Partnerships pointed out
Sainsbury has been quick in responding to the call from Sir Don Curry's food policy commission for more effort to "reconnect" farmers with customers.
The company plans to boost its Partnership in Livestock Scheme, visiting beef and lamb producers on more than 100 farms throughout the UK. "We want to do all we can to work more closely with farmers," said trading director Ian Merton.
The company is proposing a number of initiatives including regular on-farm consultations, hosting visits by farmers to its stores and suppliers' plants, and later extending the programme to the pig sector.
Yet the Sainsbury announcement gently made a point voiced indignantly in private by others in the multiple sector: all the major retailers and their biggest meat suppliers have well established programmes designed to develop close links with livestock farmers.
Sainsbury's Partnership scheme is 10 years old, Tesco's producer clubs are equally well known, and, of course, M&S has a long tradition of intimate commercial relationships with agricultural producers.
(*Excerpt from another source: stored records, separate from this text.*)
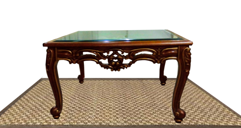Classical teakwood center table with fine carving, finished with duco paint with a 12mm glass top. (polish, duco colour & size as per client’s choice)
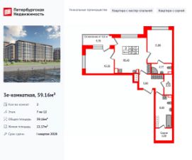 Уникальная, функциональная европланировка, большая кухня-гостиная 16.43 м², вместительная прихожая 5.66 м². Общая площадь квартиры - 59.16 м², жилая 22.17 м², высота потолка 2.77 м.
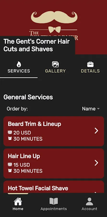 Create and manage your appointments from The Gent's Corner in a couple of clicks.
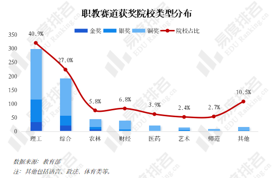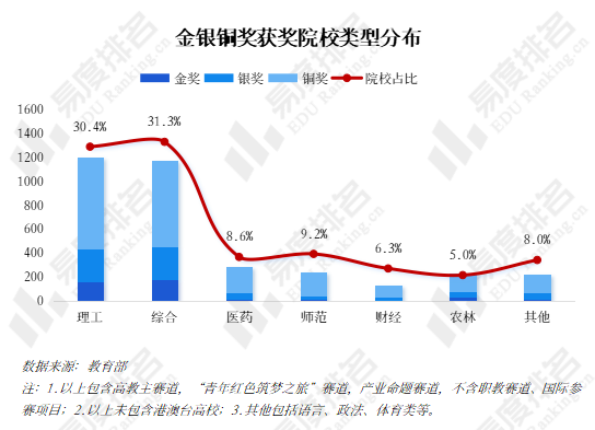 理工和综合类院校金奖获奖占比高达83.3%

Some critics of the Curry report complain one of their major problems in recent years has been increasing resistance from farmers against their attempts to shorten supply chains.
Militant producer groups including the National Beef Association have been hostile to direct deadweight procurement, for instance, in effect trying instead to distance farmers from consumers by favouring auction sales of livestock and lobbying against rationalisation of the slaughtering industry.